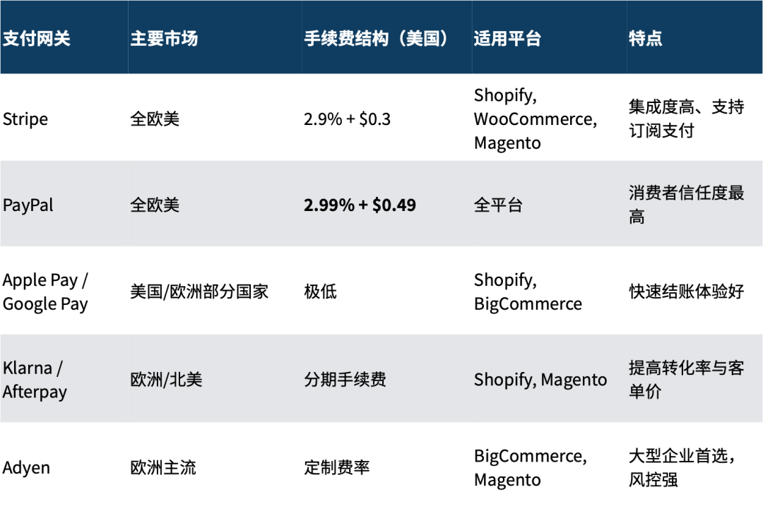 欧美用户偏好使用信用卡与数字钱包,以下是主流支付方案(费率适用于线上信用卡):
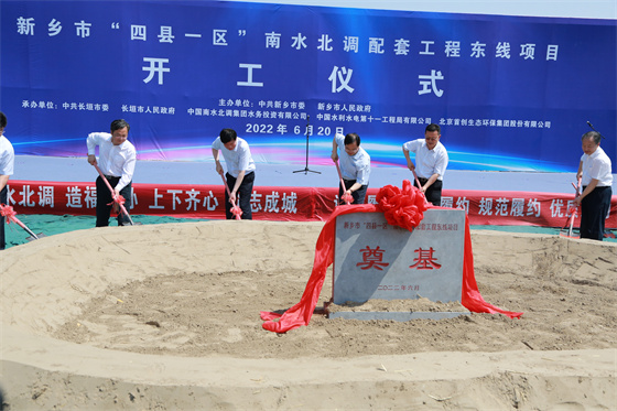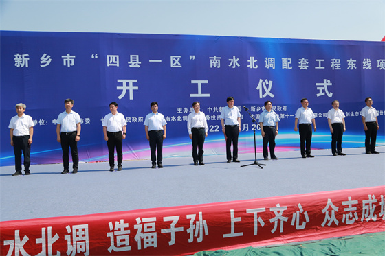 2022年6月20日,新乡市举行了“四县一区”南水北调配套工程东线项目开工仪式。省政府副省长刘玉江、中国南水北调集团党组书记、董事长蒋旭光、省水利厅党组书记刘正才、新乡市委书记李卫东出席活动,中国南水北调集团中线有限公司、中国南水北调集团水务投资公司、中国水利水电第十一工程局有限公司、河南水利投资集团有限公司主要负责同志及新乡市水利局、南水北调运行保障中心,长垣市委、市政府和相关部门的主要负责同志,项目建设管理、运营、施工、设计、监理单位代表参加会议。开工仪式由新乡市政府副市长武胜军主持。
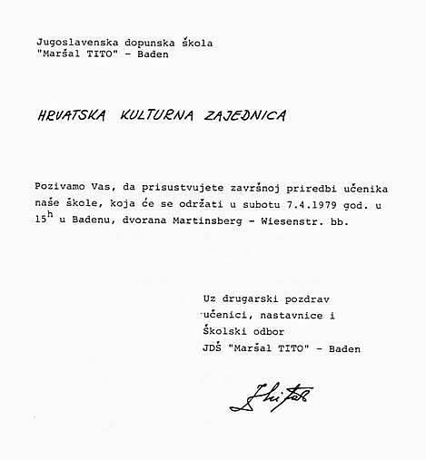 - Jugoslavenska dopunska škola Zvonimir Mitar za izlet u Jugoslaviju
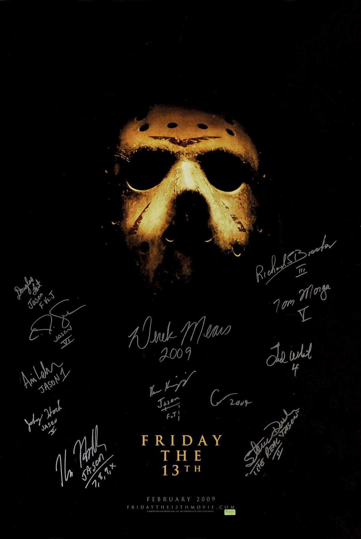 Color 40 x 27 one sheet movie poster for the 2009 horror film Friday the 13th, signed in silver ink by twelve actors or stunt performers who played Jason Voorhees in the Friday the 13th film series, including: "Ari Lehman, Jason 1," "Steve Dash, 'The Real Jason,' II," "Ted White, 4," "Tom Morga, V," "Johnny Hock, Jason V," "C. J. Graham, Jason VI," "Kane Hodder, 7, 8, 9, X," "Ken Kirzinger, Jason, FvJ," "Douglas Tait, Jason F Vs. J," "Derek Mears, 2009," "Richard S. Brooker, III," and "Caleb Guss, 2009." Rolled and in fine condition.
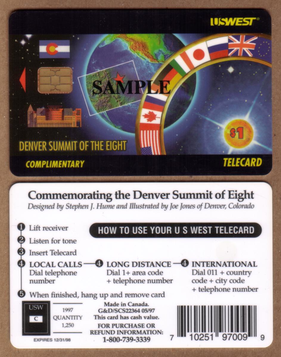 Overall, the card serves as a unique collectible related to an important international economic meeting, combining official event information with national symbols of the G-8 member countries, and is issued by U.S. West Communications with an imprint value of $1.
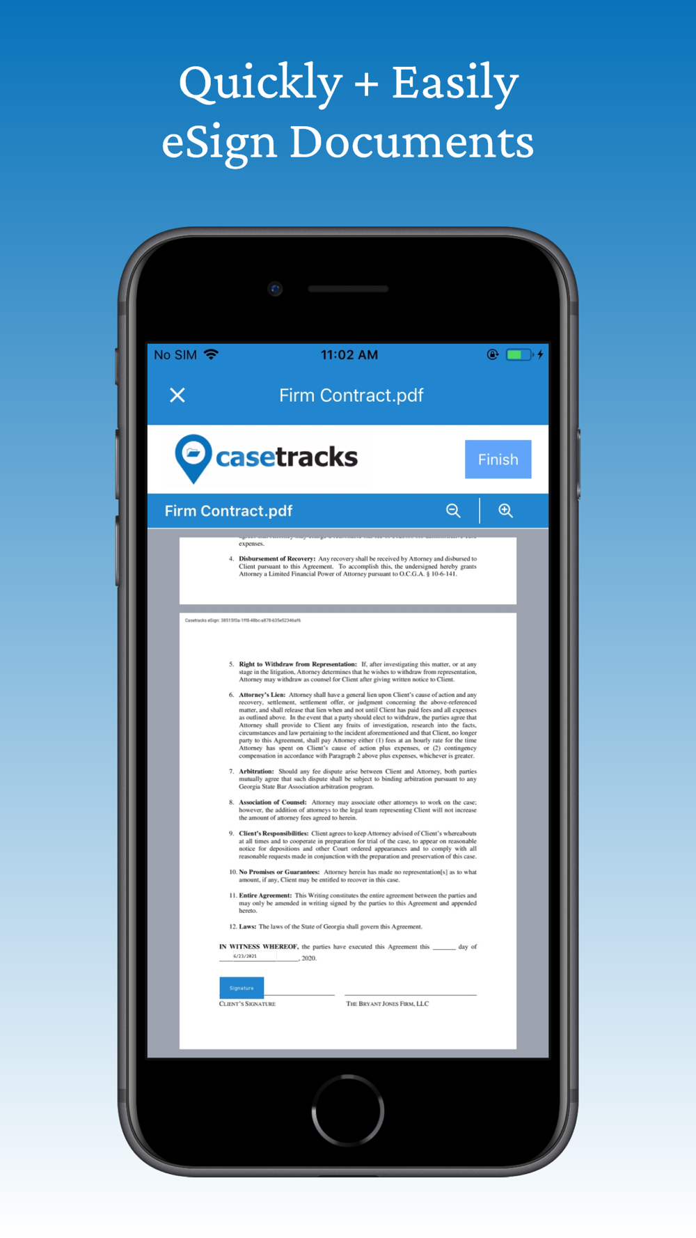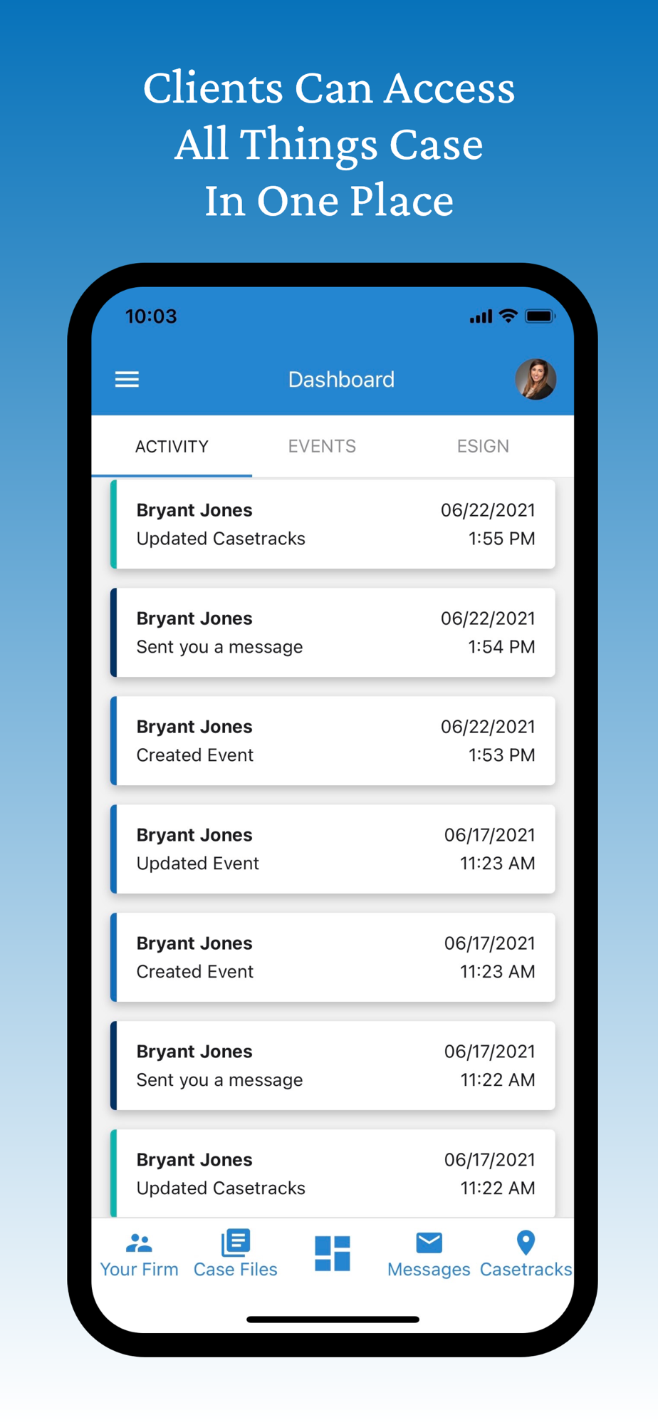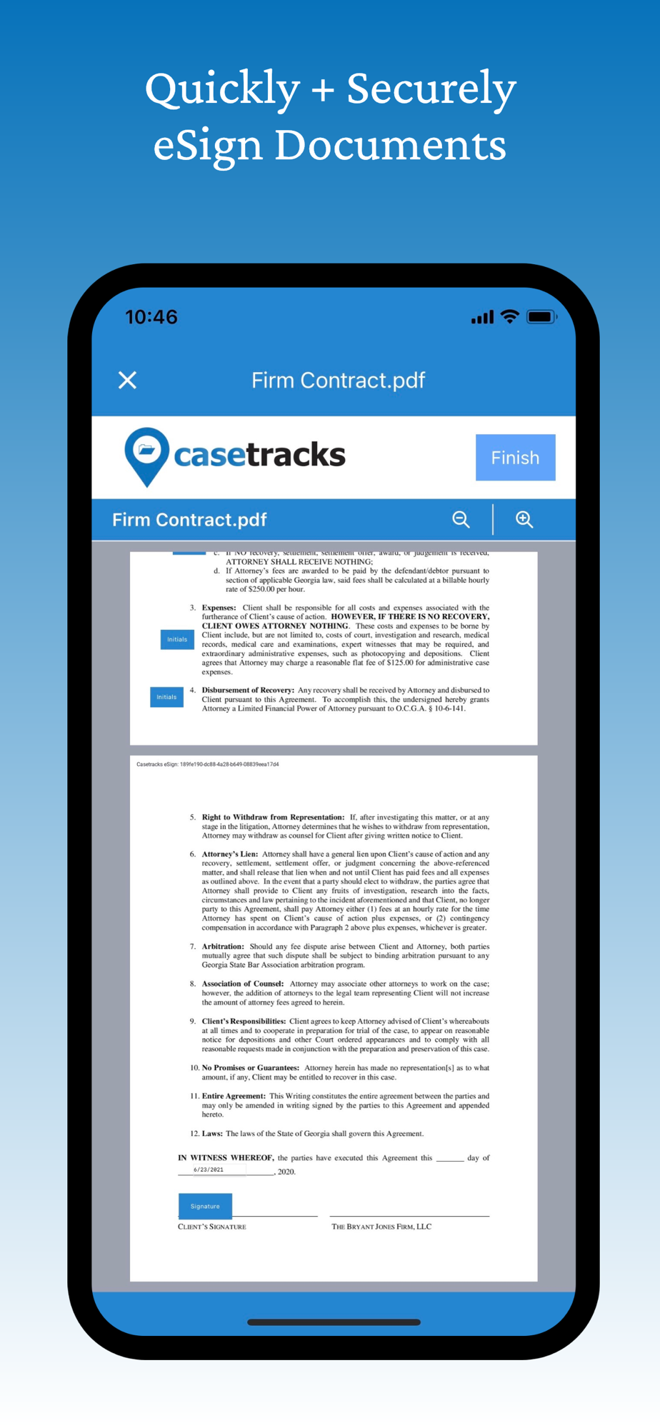 o To make life even easier, Casetracks organizes and streamlines each client’s case to allow both clients and law firm users to quickly, easily, and securely access important case information, case documents/photos, client messages, case events, and eSignatures, all from any device with an internet connection.
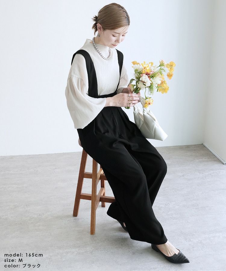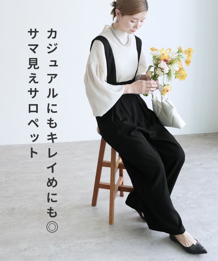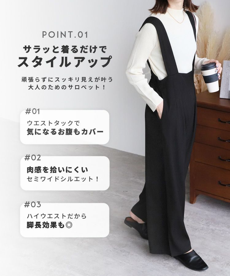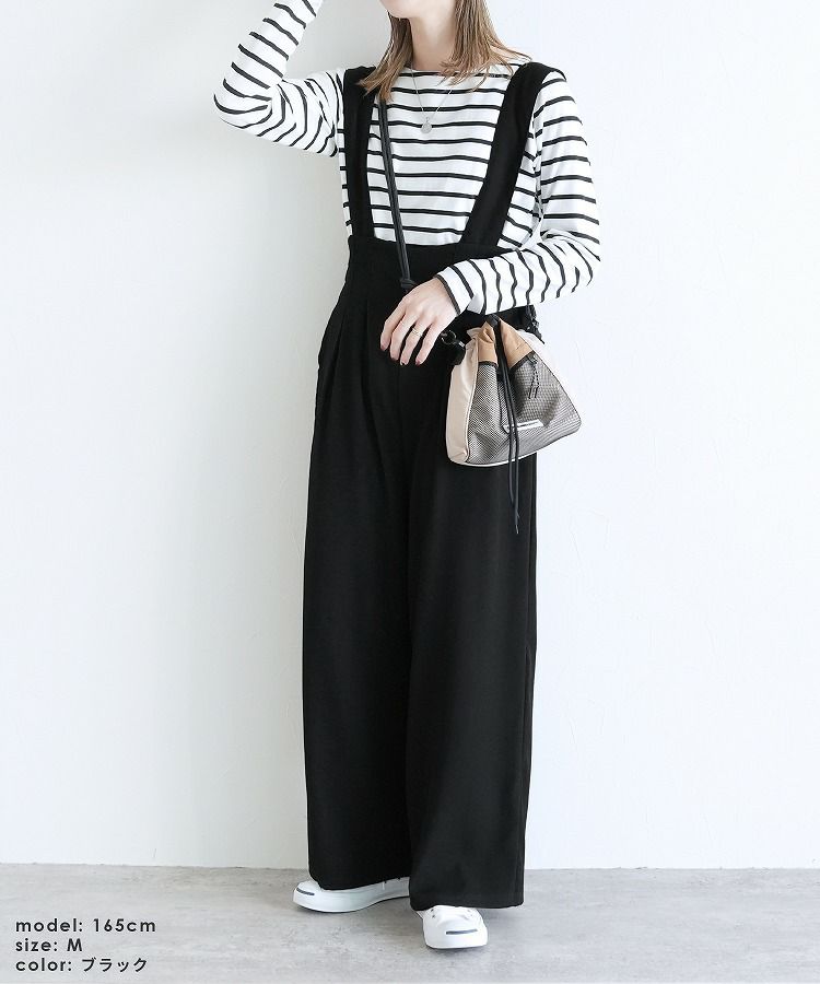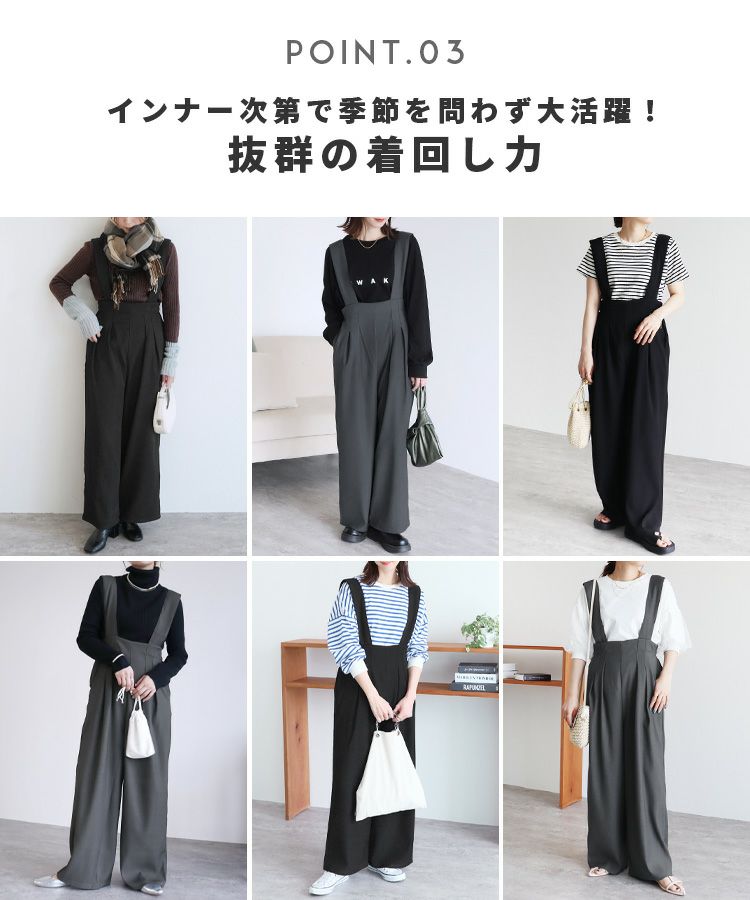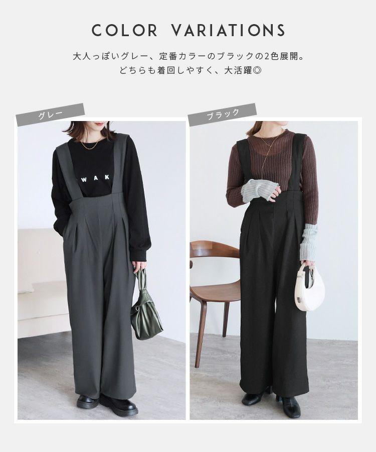 レディース サロペット オーバーオール カジュアル シンプル パンツ ポケット レイヤード ワイド 着回し ハイウエスト タック きれいめ スタイルアップ 大人女子 30代ファッション 30代コーデ グレー ブラック 灰色 黒

▶ Brief
If a record holds a picture, leave the picture out, but copy everything else exactly.

▶ Solution to this exercise
 欧美用户偏好使用信用卡与数字钱包,以下是主流支付方案(费率适用于线上信用卡):
 2022年6月20日,新乡市举行了“四县一区”南水北调配套工程东线项目开工仪式。省政府副省长刘玉江、中国南水北调集团党组书记、董事长蒋旭光、省水利厅党组书记刘正才、新乡市委书记李卫东出席活动,中国南水北调集团中线有限公司、中国南水北调集团水务投资公司、中国水利水电第十一工程局有限公司、河南水利投资集团有限公司主要负责同志及新乡市水利局、南水北调运行保障中心,长垣市委、市政府和相关部门的主要负责同志,项目建设管理、运营、施工、设计、监理单位代表参加会议。开工仪式由新乡市政府副市长武胜军主持。
 - Jugoslavenska dopunska škola Zvonimir Mitar za izlet u Jugoslaviju
 Color 40 x 27 one sheet movie poster for the 2009 horror film Friday the 13th, signed in silver ink by twelve actors or stunt performers who played Jason Voorhees in the Friday the 13th film series, including: "Ari Lehman, Jason 1," "Steve Dash, 'The Real Jason,' II," "Ted White, 4," "Tom Morga, V," "Johnny Hock, Jason V," "C. J. Graham, Jason VI," "Kane Hodder, 7, 8, 9, X," "Ken Kirzinger, Jason, FvJ," "Douglas Tait, Jason F Vs. J," "Derek Mears, 2009," "Richard S. Brooker, III," and "Caleb Guss, 2009." Rolled and in fine condition.
 Overall, the card serves as a unique collectible related to an important international economic meeting, combining official event information with national symbols of the G-8 member countries, and is issued by U.S. West Communications with an imprint value of $1.
 o To make life even easier, Casetracks organizes and streamlines each client’s case to allow both clients and law firm users to quickly, easily, and securely access important case information, case documents/photos, client messages, case events, and eSignatures, all from any device with an internet connection.
 レディース サロペット オーバーオール カジュアル シンプル パンツ ポケット レイヤード ワイド 着回し ハイウエスト タック きれいめ スタイルアップ 大人女子 30代ファッション 30代コーデ グレー ブラック 灰色 黒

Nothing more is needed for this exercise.